** Opening Dataset entries block **

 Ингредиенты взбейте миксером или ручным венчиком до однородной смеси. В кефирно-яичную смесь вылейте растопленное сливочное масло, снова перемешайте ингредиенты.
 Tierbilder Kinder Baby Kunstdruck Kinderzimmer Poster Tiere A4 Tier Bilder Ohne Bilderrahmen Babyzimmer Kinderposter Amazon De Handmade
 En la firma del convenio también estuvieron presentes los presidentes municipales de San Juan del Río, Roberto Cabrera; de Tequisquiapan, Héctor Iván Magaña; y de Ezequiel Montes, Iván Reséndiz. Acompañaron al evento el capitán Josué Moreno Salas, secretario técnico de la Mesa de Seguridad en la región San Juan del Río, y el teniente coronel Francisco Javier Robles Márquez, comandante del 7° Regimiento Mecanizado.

** Closing Dataset entries block **
** Opening Dataset entries block **

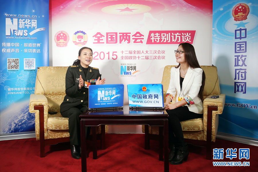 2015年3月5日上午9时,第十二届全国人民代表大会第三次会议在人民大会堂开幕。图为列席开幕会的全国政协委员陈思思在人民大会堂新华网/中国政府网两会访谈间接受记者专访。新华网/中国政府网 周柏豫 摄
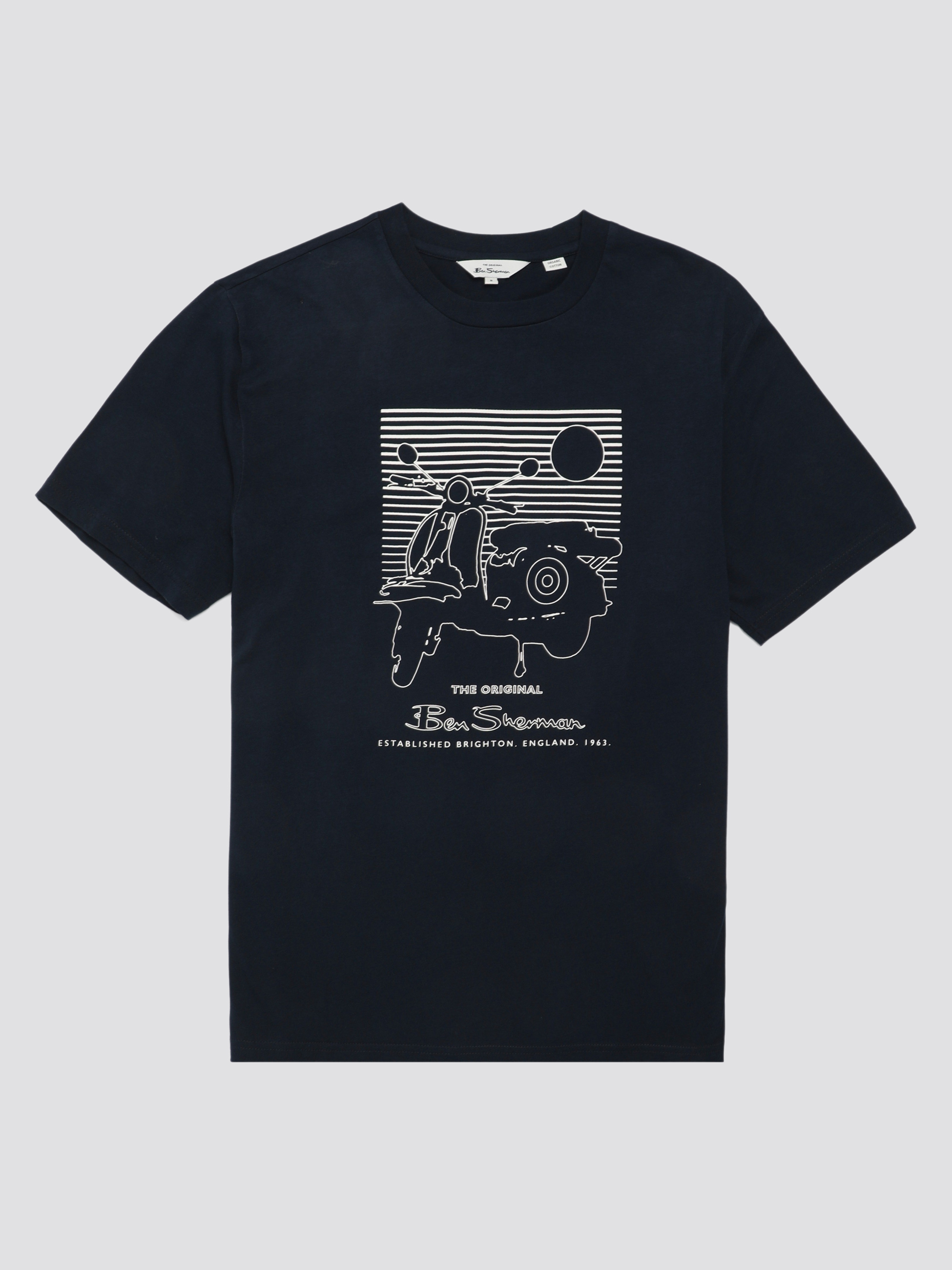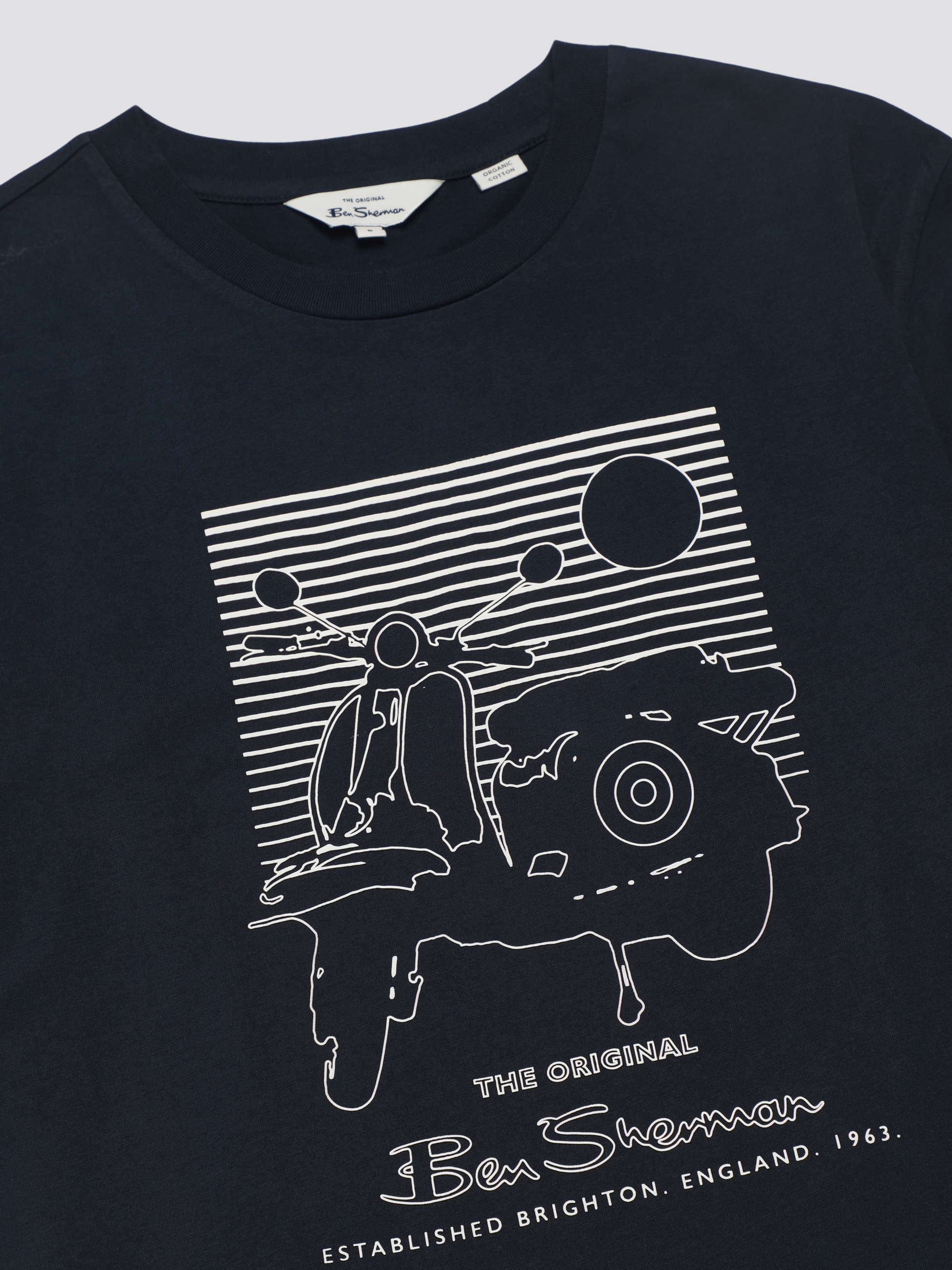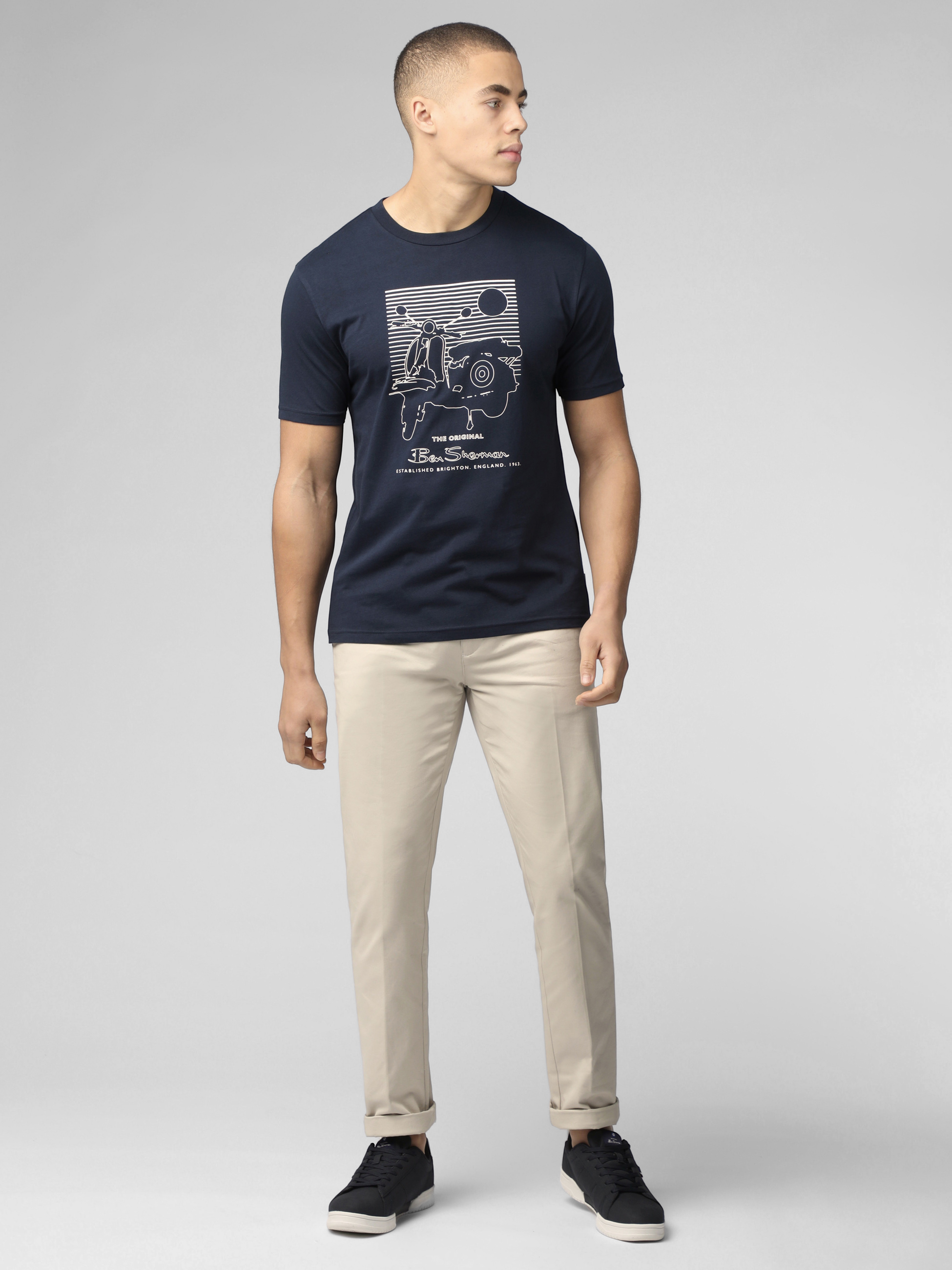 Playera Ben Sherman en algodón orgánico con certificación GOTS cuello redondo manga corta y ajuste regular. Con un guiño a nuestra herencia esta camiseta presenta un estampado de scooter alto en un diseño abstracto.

** Closing Dataset entries block **
** Opening Dataset entries block **

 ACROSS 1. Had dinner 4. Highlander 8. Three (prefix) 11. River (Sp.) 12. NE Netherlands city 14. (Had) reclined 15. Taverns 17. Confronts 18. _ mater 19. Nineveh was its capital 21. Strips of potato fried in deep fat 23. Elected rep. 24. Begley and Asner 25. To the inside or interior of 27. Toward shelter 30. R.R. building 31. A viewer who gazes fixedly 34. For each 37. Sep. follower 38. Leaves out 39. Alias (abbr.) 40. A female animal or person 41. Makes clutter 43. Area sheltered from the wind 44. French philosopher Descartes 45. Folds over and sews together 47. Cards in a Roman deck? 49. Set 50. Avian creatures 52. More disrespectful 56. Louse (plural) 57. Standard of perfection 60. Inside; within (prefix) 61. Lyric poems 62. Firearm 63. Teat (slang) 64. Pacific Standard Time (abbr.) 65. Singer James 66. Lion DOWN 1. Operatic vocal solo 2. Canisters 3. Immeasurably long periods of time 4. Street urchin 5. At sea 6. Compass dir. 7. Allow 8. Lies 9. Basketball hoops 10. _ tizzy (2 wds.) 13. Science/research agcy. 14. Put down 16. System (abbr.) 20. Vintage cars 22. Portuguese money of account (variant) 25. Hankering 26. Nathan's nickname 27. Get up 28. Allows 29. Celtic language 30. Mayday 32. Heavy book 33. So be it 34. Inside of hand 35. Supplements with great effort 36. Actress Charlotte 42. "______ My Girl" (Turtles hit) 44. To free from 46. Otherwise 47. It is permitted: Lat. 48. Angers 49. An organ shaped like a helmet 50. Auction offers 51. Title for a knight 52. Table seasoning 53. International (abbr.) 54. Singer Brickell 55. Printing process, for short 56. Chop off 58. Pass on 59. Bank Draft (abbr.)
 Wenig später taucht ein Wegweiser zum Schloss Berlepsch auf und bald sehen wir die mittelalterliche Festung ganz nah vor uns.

** Closing Dataset entries block **

### Exercise details
All that should be written out is the stretch of lines above between the one holding "Ингредиенты взбейте миксером" and the one holding "Tierbilder Kinder Baby", inclusive, exactly as given.

### Answer to the exercise
 Ингредиенты взбейте миксером или ручным венчиком до однородной смеси. В кефирно-яичную смесь вылейте растопленное сливочное масло, снова перемешайте ингредиенты.
 Tierbilder Kinder Baby Kunstdruck Kinderzimmer Poster Tiere A4 Tier Bilder Ohne Bilderrahmen Babyzimmer Kinderposter Amazon De Handmade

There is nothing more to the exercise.